■ TASK TO CARRY OUT
Please write out every line of the material, leaving out any picture.

■ PROVIDED DATA
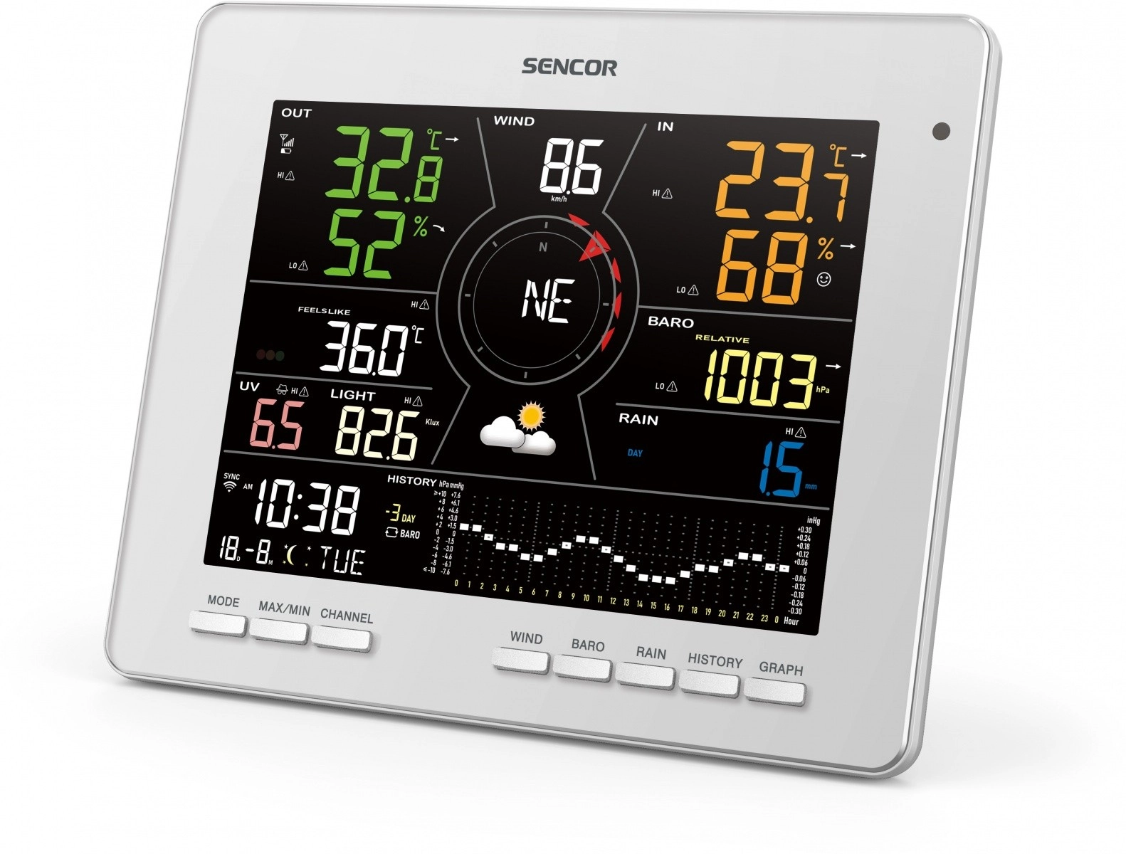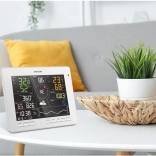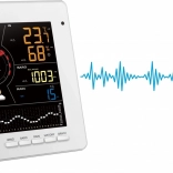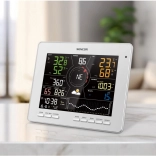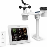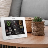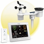 Le grand écran LCD TRUE BLACK 7,8" avec affichage couleur montre non seulement la température et l’humidité intérieures et extérieures avec indicateur de confort, mais aussi la pression, le vent, les précipitations, l’indice UV, l’intensité lumineuse et des graphiques de tendances clairs. On retrouve une prévision 12–24 h basée sur la tendance barométrique, l’heure, le calendrier, les phases de la Lune et les heures de lever/coucher du Soleil, ainsi que des alarmes pratiques pour les extrêmes météo.
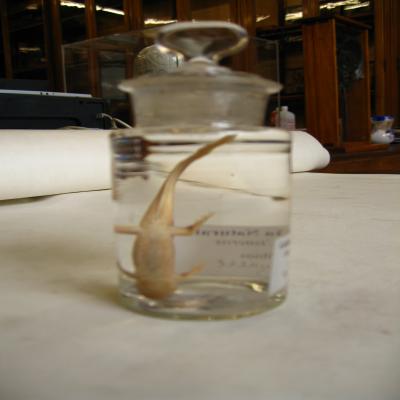 Podría corresponde a la pequeña colección de reptiles y algunos otros animales conservados en espíritu de vino, remitido de Fernando Póo y regalado por el Sr. D. José Muñoz y Gaviria, Vizconde de San Javier en el curso (1861-62).
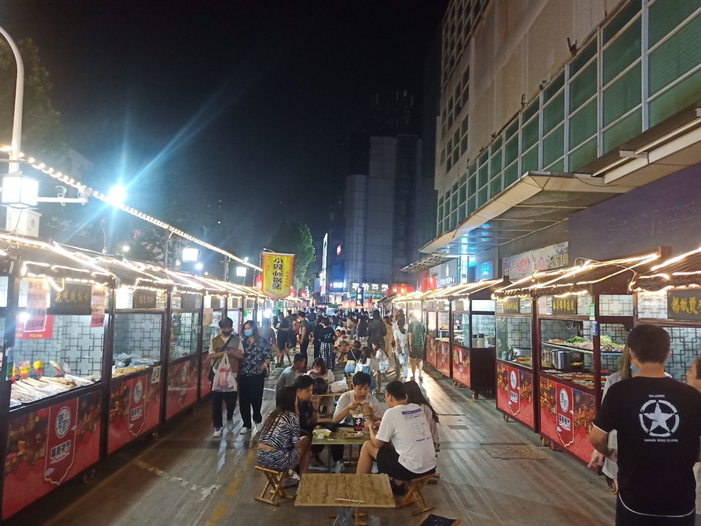 幕新夜市位于位于张店美食街原振华商厦以西南北路振华商厦北门停车场广场。实践伊始,实践团成员对夜市进行了整体游览,通过游览发现,幕新夜市中分为两类经营形式,一种是由政府统一规划搭建的经营屋,并设统一标识牌,多为经营美食、小吃;另一种为摊主自己临时搭建的地摊,多为经营首饰、衣物等除美食外的商品。除此之外,还专门设定了专业大打扫人员,每隔一段时间进行清扫,使夜市环境干净整洁。

■ SOLVED EXERCISE
 Le grand écran LCD TRUE BLACK 7,8" avec affichage couleur montre non seulement la température et l’humidité intérieures et extérieures avec indicateur de confort, mais aussi la pression, le vent, les précipitations, l’indice UV, l’intensité lumineuse et des graphiques de tendances clairs. On retrouve une prévision 12–24 h basée sur la tendance barométrique, l’heure, le calendrier, les phases de la Lune et les heures de lever/coucher du Soleil, ainsi que des alarmes pratiques pour les extrêmes météo.
 Podría corresponde a la pequeña colección de reptiles y algunos otros animales conservados en espíritu de vino, remitido de Fernando Póo y regalado por el Sr. D. José Muñoz y Gaviria, Vizconde de San Javier en el curso (1861-62).
 幕新夜市位于位于张店美食街原振华商厦以西南北路振华商厦北门停车场广场。实践伊始,实践团成员对夜市进行了整体游览,通过游览发现,幕新夜市中分为两类经营形式,一种是由政府统一规划搭建的经营屋,并设统一标识牌,多为经营美食、小吃;另一种为摊主自己临时搭建的地摊,多为经营首饰、衣物等除美食外的商品。除此之外,还专门设定了专业大打扫人员,每隔一段时间进行清扫,使夜市环境干净整洁。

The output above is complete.